Below are records with pictures in them. Output exactly the lines from the one with "볼에 담아서 간 생강과 1:1로 골고루 섞어줍니다." through the one with "弊社の代表取締役 田中のイン", both included, and leave every picture out; give only those lines.

Supplied material:
::::::::::
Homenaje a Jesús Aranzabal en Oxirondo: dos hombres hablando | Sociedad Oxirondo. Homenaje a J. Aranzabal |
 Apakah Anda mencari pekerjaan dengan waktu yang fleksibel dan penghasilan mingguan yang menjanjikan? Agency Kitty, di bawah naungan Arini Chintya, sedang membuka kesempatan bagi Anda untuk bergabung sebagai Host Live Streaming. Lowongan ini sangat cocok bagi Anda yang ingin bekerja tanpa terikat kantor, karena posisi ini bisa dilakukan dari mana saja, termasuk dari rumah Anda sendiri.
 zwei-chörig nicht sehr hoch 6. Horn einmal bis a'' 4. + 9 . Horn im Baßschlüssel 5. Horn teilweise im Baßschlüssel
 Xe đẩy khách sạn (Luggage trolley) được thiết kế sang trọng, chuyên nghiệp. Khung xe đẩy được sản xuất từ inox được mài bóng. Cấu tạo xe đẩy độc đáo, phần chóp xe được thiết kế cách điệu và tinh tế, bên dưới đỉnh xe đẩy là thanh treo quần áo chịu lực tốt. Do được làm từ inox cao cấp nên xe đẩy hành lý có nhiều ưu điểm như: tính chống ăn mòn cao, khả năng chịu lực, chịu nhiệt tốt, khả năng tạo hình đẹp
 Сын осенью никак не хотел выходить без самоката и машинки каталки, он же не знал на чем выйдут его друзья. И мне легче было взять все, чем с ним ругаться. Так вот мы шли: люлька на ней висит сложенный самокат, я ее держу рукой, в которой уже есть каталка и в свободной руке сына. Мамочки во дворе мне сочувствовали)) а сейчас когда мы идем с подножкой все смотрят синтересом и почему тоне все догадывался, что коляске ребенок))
::::::::::
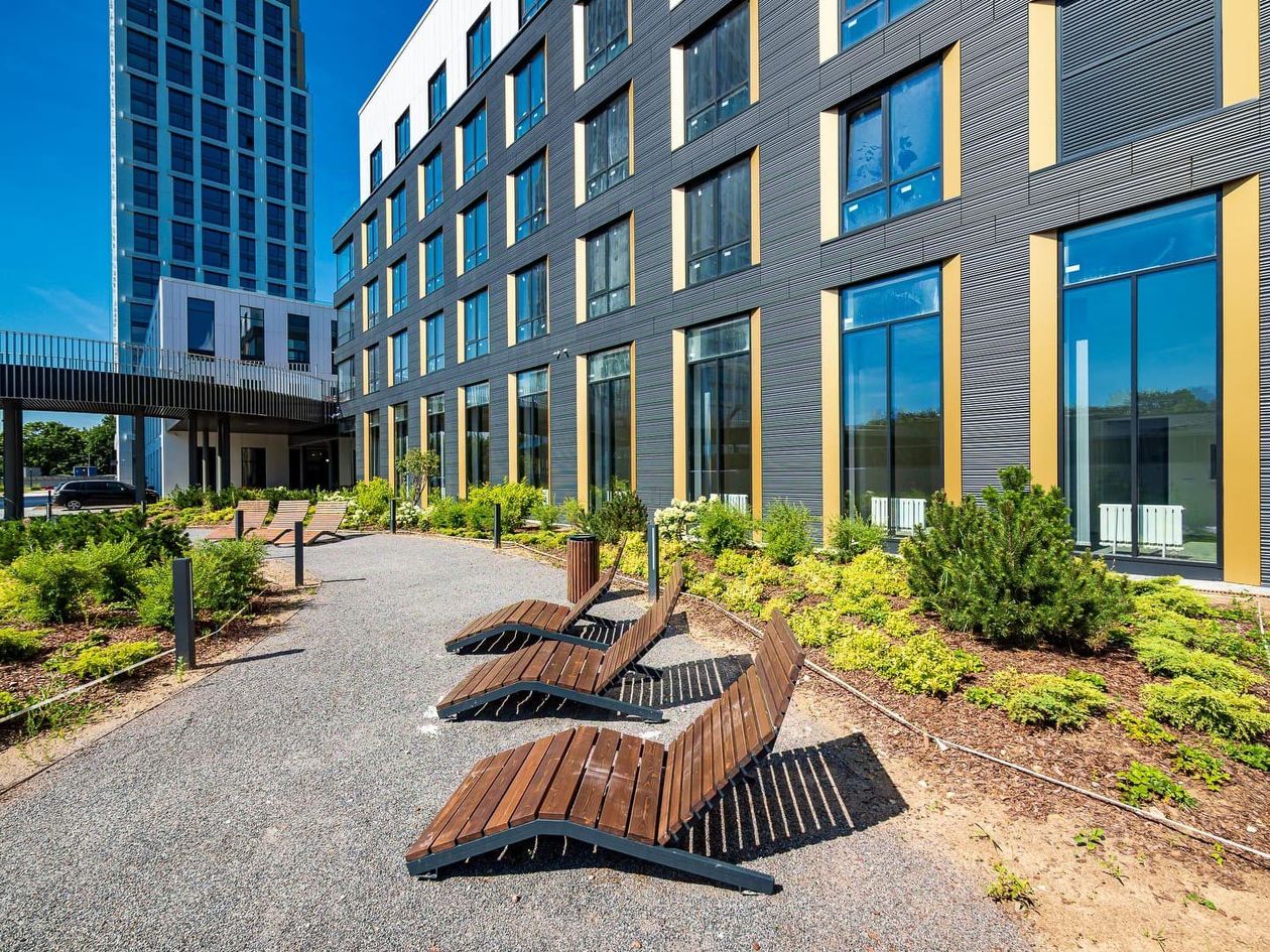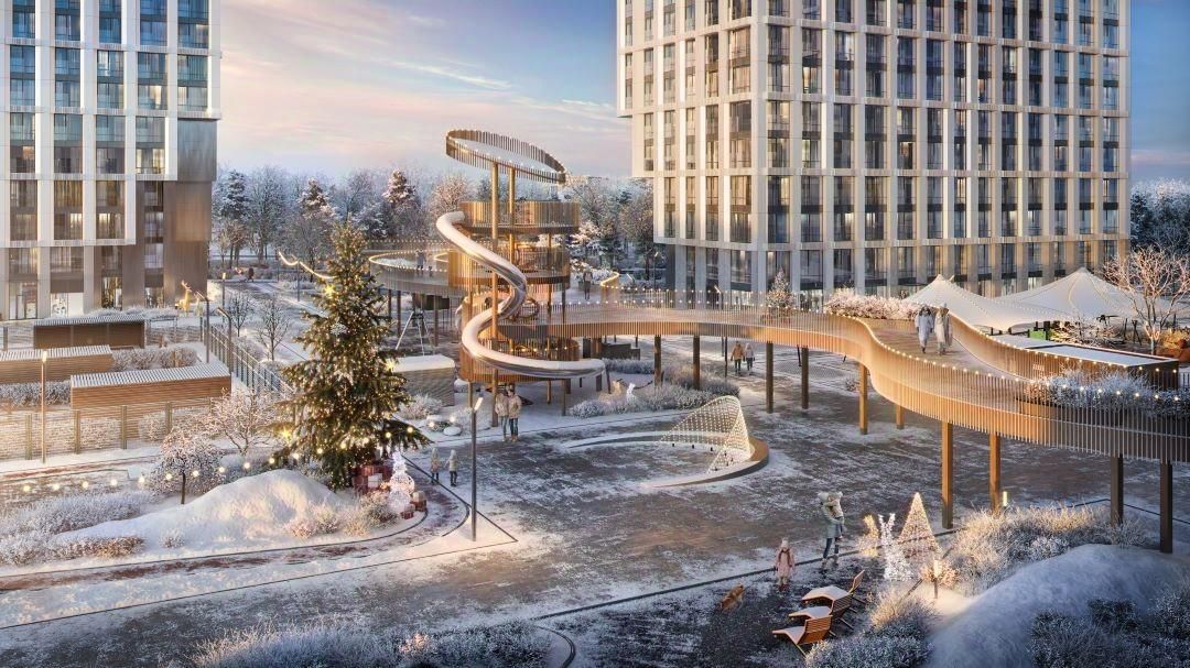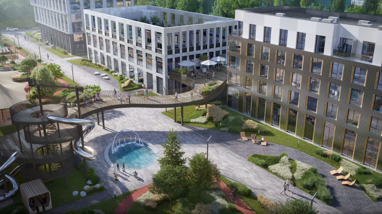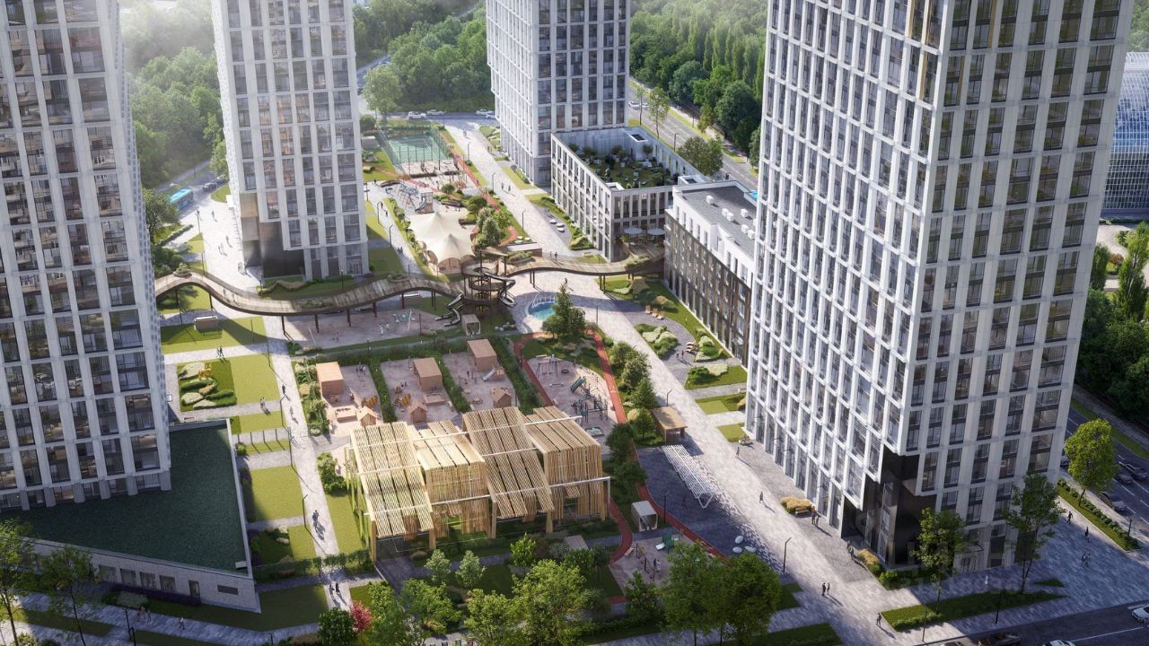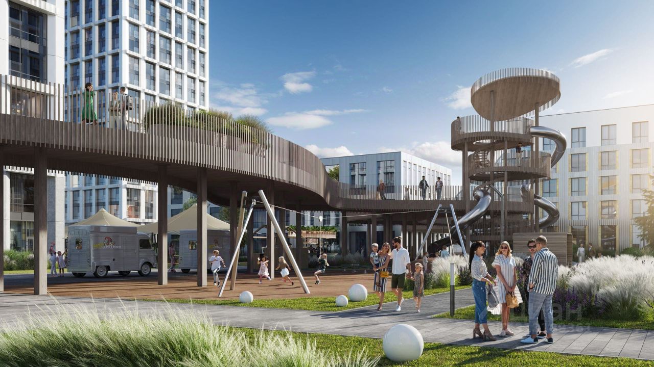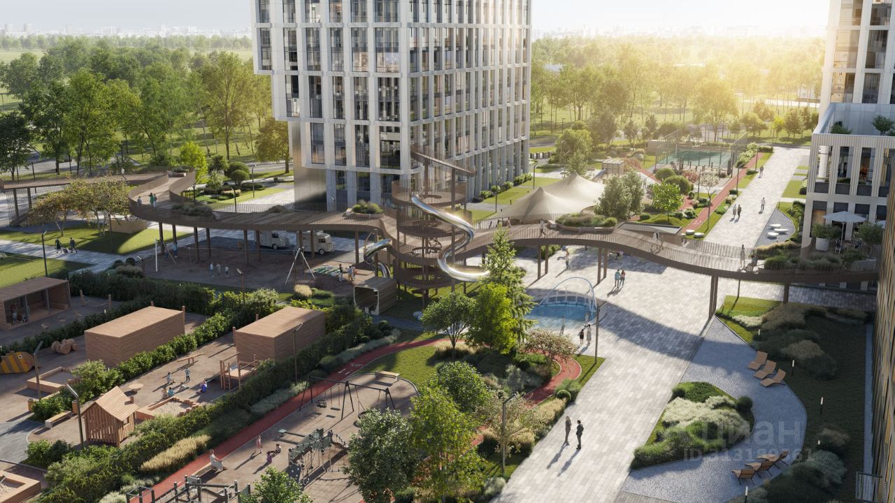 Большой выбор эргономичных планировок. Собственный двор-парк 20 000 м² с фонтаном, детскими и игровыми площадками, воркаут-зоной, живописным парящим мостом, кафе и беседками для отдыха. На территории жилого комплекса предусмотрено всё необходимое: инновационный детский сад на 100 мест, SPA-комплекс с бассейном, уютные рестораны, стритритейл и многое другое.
::::::::::
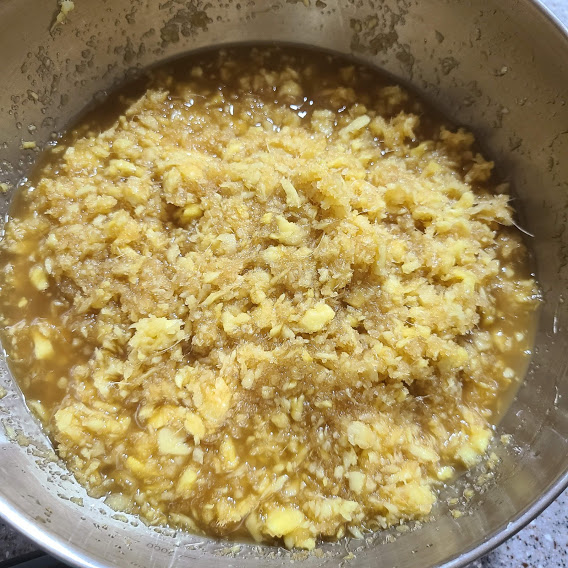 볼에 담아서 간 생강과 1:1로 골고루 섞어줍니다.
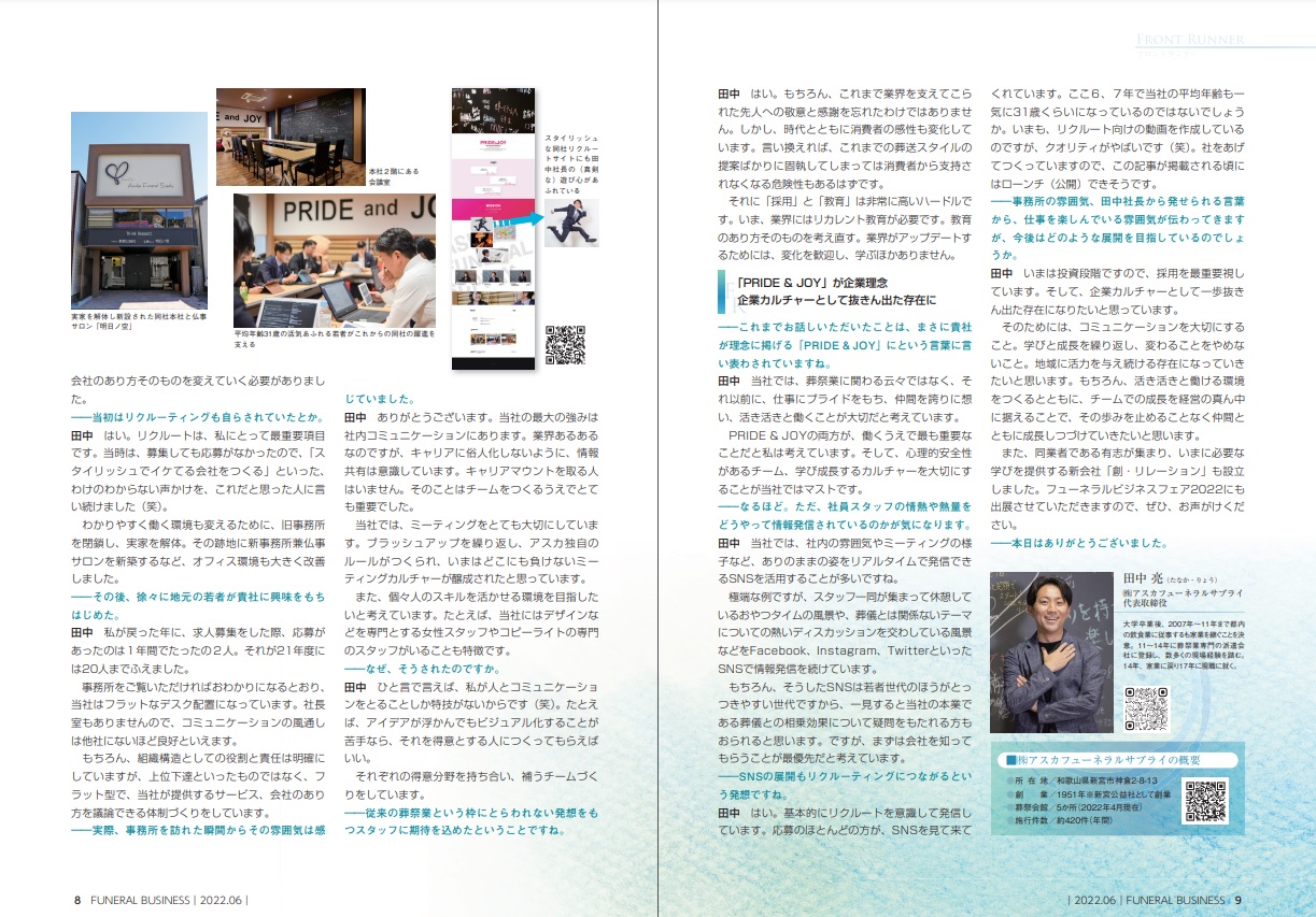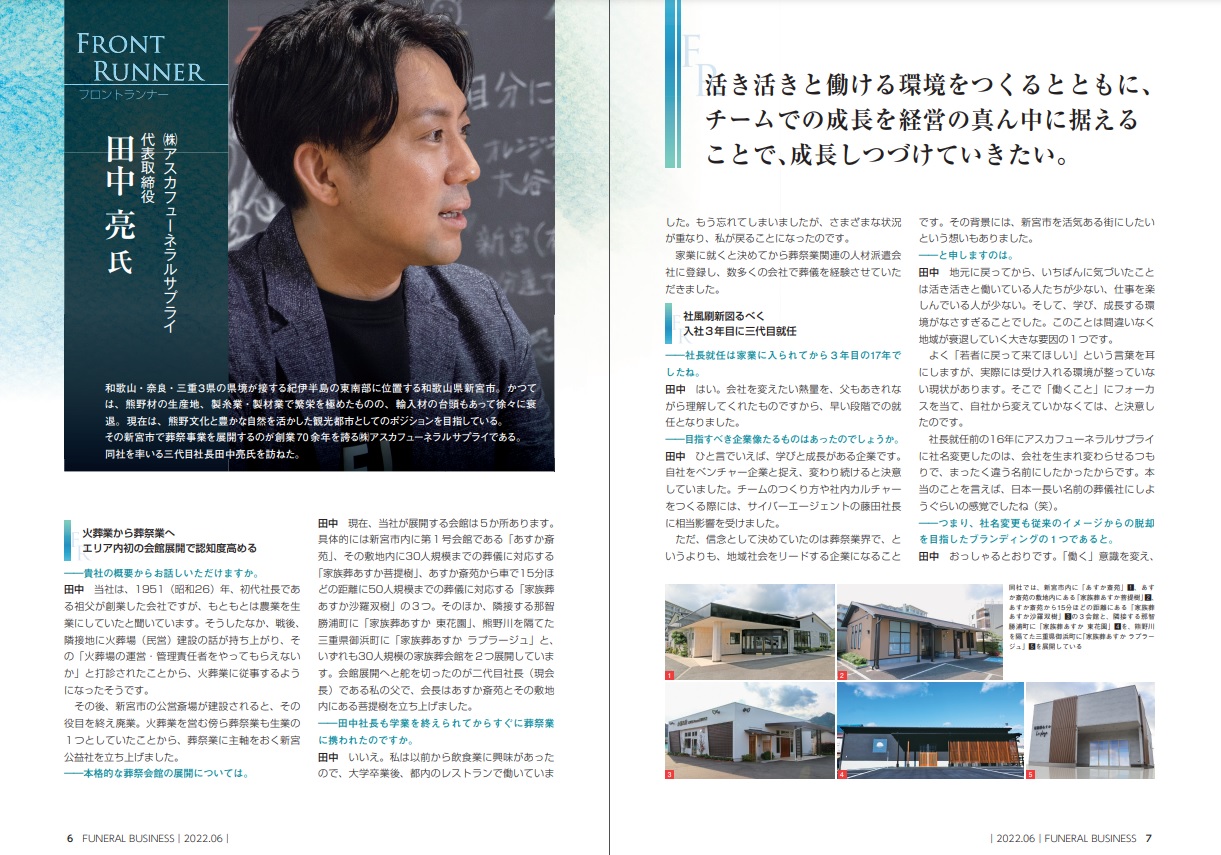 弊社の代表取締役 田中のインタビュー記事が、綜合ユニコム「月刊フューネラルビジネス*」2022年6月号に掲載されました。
::::::::::
Final answer:
 볼에 담아서 간 생강과 1:1로 골고루 섞어줍니다.
 弊社の代表取締役 田中のインタビュー記事が、綜合ユニコム「月刊フューネラルビジネス*」2022年6月号に掲載されました。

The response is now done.